It wasn’t until I came back the last time, in 1998, and asked someone I respected a great deal to be my sponsor that my ears finally opened. They opened because he spoke one simple truth when he said, “There’s nothing more I can do to help you.”I was dumbfounded, and instantly full of fear. I had to listen.

This same person, who is my sponsor to this day, had tried to sponsor me before, or at least to guide me on my way, but I’d failed repeatedly to do anything he’d suggested. And he was right. There was nothing more he could do to help me. I was well beyond human aid. Nonetheless, full of fear, I was also flabbergasted. My ego couldn’t accept the idea that he wouldn’t reflexively leap at the opportunity to sponsor me … one more time.

“What do you mean?” I asked.

“You know everything you need to know to stay sober, Kayko. Now it’s a matter of whether you’re actually going to do something about it.”

It was at that point that I finally heard not a cliché but the axiom that has come to guide my sobriety more intensively than anything else these past 14 years: “Are you willing to go to any length for victory over alcohol?” The man who spoke those words to me that day agreed to sponsor me for 90 days on a trial basis. (He never has told me if the trial is over.) He promised me a better quality of sobriety than I’d previously known, a greater sense of purpose, and a damn better shot at staying sober if I’d simply surrender my will every morning when I woke up and show the willingness to go to any length to maintain my sobriety on a daily basis.

He didn’t talk about spirituality, he didn’t talk about miracles, and he certainly didn’t rattle off any kindly platitudes or hard-ass directives. In fact, he didn’t talk much at all.

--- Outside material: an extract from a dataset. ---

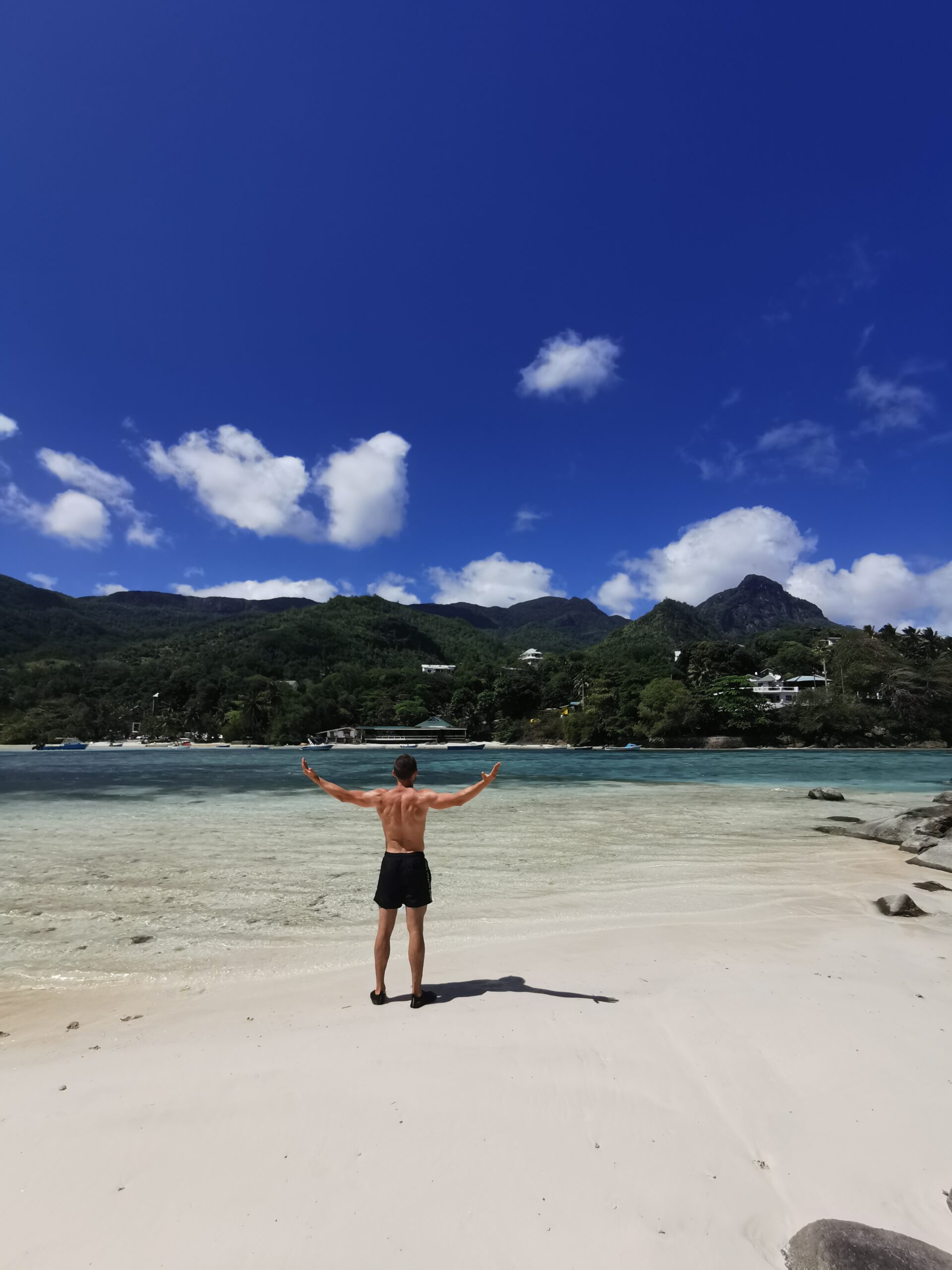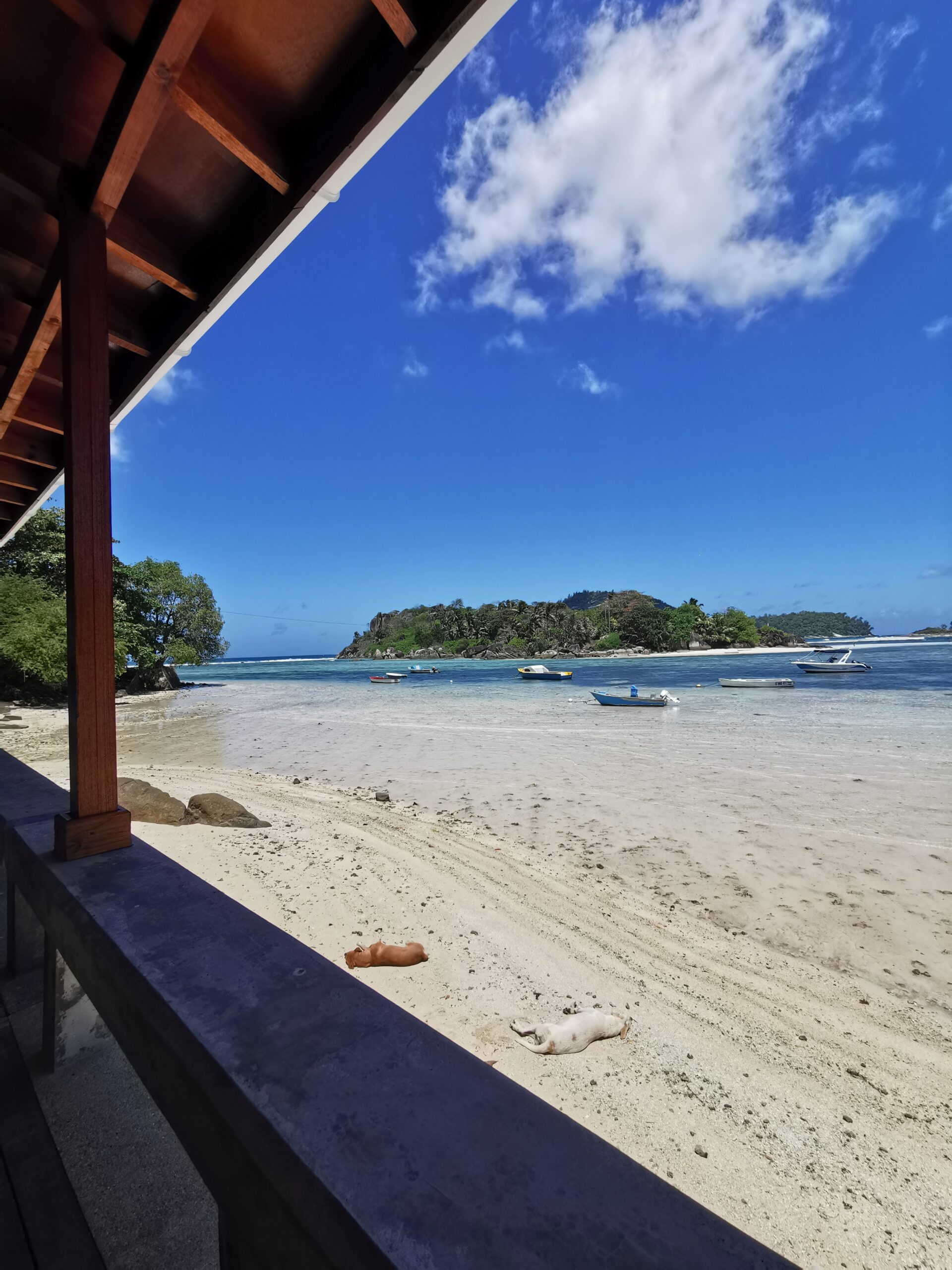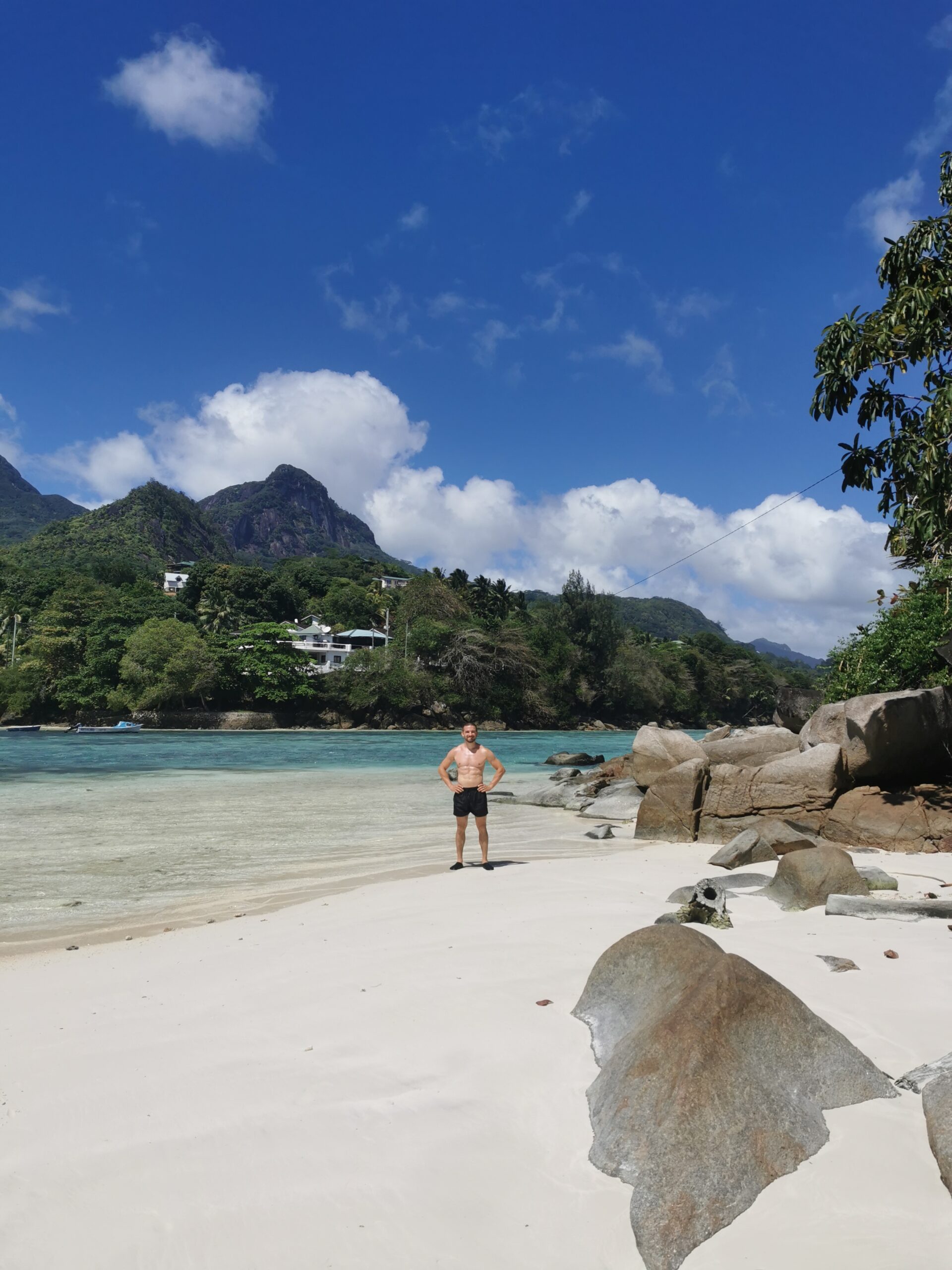 Das sieht ja cool aus, haben wir uns gedacht und uns nach dem Essen ebenfalls auf den Weg gemacht. Der abgelegene Strand ist eines der absoluten Highlights unserer Reise gewesen. Ganz alleine haben wir bei strahlendem Sonnenschein auf dem weißen Sand gelegen und die Idylle mit dem Ausblick auf Mahe genossen. Absoluter Geheimtipp für alle Leser! Übrigens findet hier auf dieser Insel eine russische Reality Show statt.
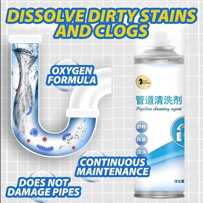 Keep your drains flowing smoothly with this advanced Oxygen Foam Pipeline Cleaning Spray. Designed to break down stubborn grease, hair, soap residue, and dirt, this powerful formula penetrates deep into pipes to dissolve blockages quickly and effectively. The rich foaming action expands inside the drain, reaching areas that ordinary cleaners miss, ensuring a thorough clean without damaging your pipes.

He simply asked me to do this: Go to four meetings a week, two of which he attended; call him once a week, preferably on Monday nights because that was the one night he had free; and seize every opportunity to help people who were newer to sobriety than I was. It was that last part that mattered most. He knew I’d attend meetings; he knew I’d call faithfully if asked to; but he didn’t know if I would be consistently willing to do something for someone else since I had shown so little willingness to do anything for anyone but myself in the time we’d known each other.

What I have learned since that fateful day I thought he was about to refuse to be my sponsor is that maintaining a spiritual defense is all about actions, not platitudes. I still don’t know if I understand what it means to be spiritual, but I know what spirituality looks like when I bump into it. It’s evident in those people who always seem to be looking for an opportunity to be of service rather than an opportunity to talk about how much they know. They pick up cigarette butts left outside meetings, they make coffee, they set up chairs, they volunteer on committees, and they give rides—no matter how long they’ve been sober. Sometimes they give talks, but they aren’t necessarily circuit speakers, and their talks usually focus more on service and gratitude than themselves. No matter how long they’ve been sober, they’re always looking for more to do because they know full well it’s easy to slip up and not do enough. The kind of spirituality I’ve come to know and admire is “ever-clear” and present in those people who are willing to go to any length to stay sober … one day and one more action at a time.

A Quick Challenge


In your opinion, what’s the most important thing you can say to someone who is new to sobriety?

There Is a Solution


Generally, my Sunday evenings are painfully, yet thankfully, routine. Painful because, at 5:00 PM each Sunday, after spending most of the previous four days with my two wonderful kids, I’m obliged to return them to their mom, knowing full well I’m not likely to see them again until Wednesday evening. I’ve never experienced the relief or release some parents tell me they experience when they get a break—however brief—from their kids.  Even when I remind myself that turning my kids over is a valuable exercise in acceptance, I still have to fight off a low-level solemnity every time I back out of their mother’s driveway.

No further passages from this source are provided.